Under each guarantee, the applicable guarantor will fully and unconditionally guarantee the due and punctual payment of the principal, interest (if any), premium (if any) and all other amounts due on the applicable debt securities and under the indenture when the same shall become due and payable, whether at maturity, pursuant to mandatory or optional redemption or repayments, by acceleration or otherwise, in each case after any applicable grace periods or notice requirements, according to the terms of the applicable debt securities.

The obligations of each guarantor under the guarantees will be full and unconditional, joint and several, regardless of the enforceability of the applicable debt securities, and will not be discharged until all obligations under those debt securities and the applicable indenture are satisfied.
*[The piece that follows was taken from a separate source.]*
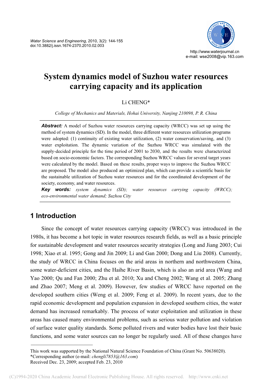 苏州水资源承载力的系统动力学模型及其应用外文翻译资料
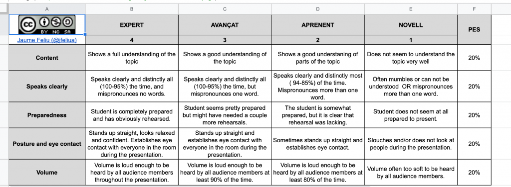 Finalment també es va fer servir una eina per avaluar anomenada Corúbrics. És una eina digital que permet crear una rúbrica i compartir amb l’alumnat per tal que ells s’avaluin de forma individual i grupal, i el mestre també avalua sobre aquella mateixa rúbrica. L’eina et dona la facilitat de crear uns percentatges a cada un del nivells d’expertesa per tal de fer una mitjana ponderada de tots els apartats i també fa la mitjana final de la valoració de l’alumne (segons la importància que prèviament el mestre ha decidit) i la valoració final del mestre.

Holders of the applicable debt securities may proceed directly against a guarantor under the applicable guarantee if an event of default affecting those debt securities occurs without first proceeding against the issuer.

Conversion Rights

An applicable prospectus supplement will describe the terms and conditions, if any, on which debt securities being offered are convertible into Class A ordinary shares of Aon plc or other securities. Such terms will include the conversion price, the conversion period, provisions as to whether conversion will be at the option of the issuer or the holder, the events requiring an adjustment of the conversion price and provisions affecting conversion in the event of the redemption of such debt securities.

Regarding the Trustee

The issuers have commercial deposits and custodial arrangements with The Bank of New York Mellon Trust Company, N.A. (“BNYM”) and may have borrowed money from BNYM in the normal course of business. The issuers may enter into similar or other banking relationships with BNYM in the future in the normal course of business. In addition, the issuers have provided brokerage and other insurance services in the ordinary course of their respective businesses for BNYM. BNYM may also act as trustee with respect to other debt securities one or more of the issuers have issued.

BNYM will be serving as the trustee under the indentures. Consequently, if an actual or potential event of default occurs with respect to the debt securities, BNYM may be considered to have a conflicting interest for purposes of the Trust Indenture Act. In that case, BNYM may be required to resign under one or more indentures, and the applicable issuer and, if applicable, the applicable guarantor would be required to appoint a successor trustee. For this purpose, a “potential” event of default means an event that would be an event of default if the requirements for giving us default notice or for the default having to exist for a specific period of time were disregarded.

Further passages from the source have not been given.